The first of the Greek settlers brought their home legends with them to Sicily, where they found a friendly soil, attaining their fullest perfection in the sympathetic hands of the Latin poets. Some of the most beautiful weave through the story of Syracuse, and the most delightful walk in the city—one you will want to take often—leads you straight along the edge of the Great Harbor, on a wide, tamarind-bordered esplanade, with the town wall rising behind, to the picturesque, papyrus-fringed little pool accounted for by one especially gracious tale, and called the Fountain of Arethusa.

Long centuries ago—so runs this immemorial fable—there bubbled up out of the beach of the Great Harbor a crystal spring. And close by, in the briny waters themselves, another little fount gushed forth, pure and sweet.
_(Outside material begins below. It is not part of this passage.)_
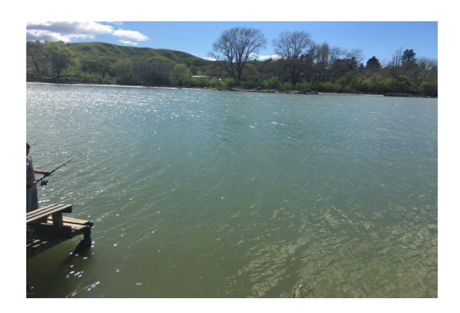
Figure 4. Photo: Tangata Whenua Fishing Kopu Road, Wairoa. Dated: 05/11/2019 Time: 11.20 a.m.
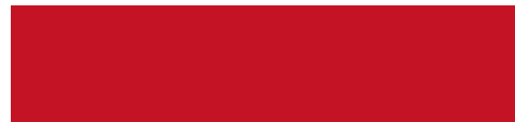
612 Passion Red

The airy Greek fancy could not pass by so remarkable a coincidence, and the Syracusans quickly came to believe that the twin springs were the gentle nymph Arethusa, the well-beloved of Artemis (Diana), and her river-god lover Alpheus; that Arethusa, too impetuously wooed by Alpheus on the island of Ortygia in Old Greece, had been graciously changed by Artemis into a spring, and taking the long, dark journey under the Ionian Sea, had escaped to the sunlight again in the newer Ortygia in Sicily; that Alpheus, not faint-hearted, had changed himself to her own watery shape, and following hard and fast, had missed her by the merest trifle only, bubbling up in a second spring in the waters of the harbor close beside his beloved. But Poseidon of the sea was mightier than nymph or river-god. Shaking his mighty bed one day, he burst open the wall about fair Arethusa.—To-day her water is salt, not sweet, and no more does her lover Alpheus bubble up beside her in the Bay.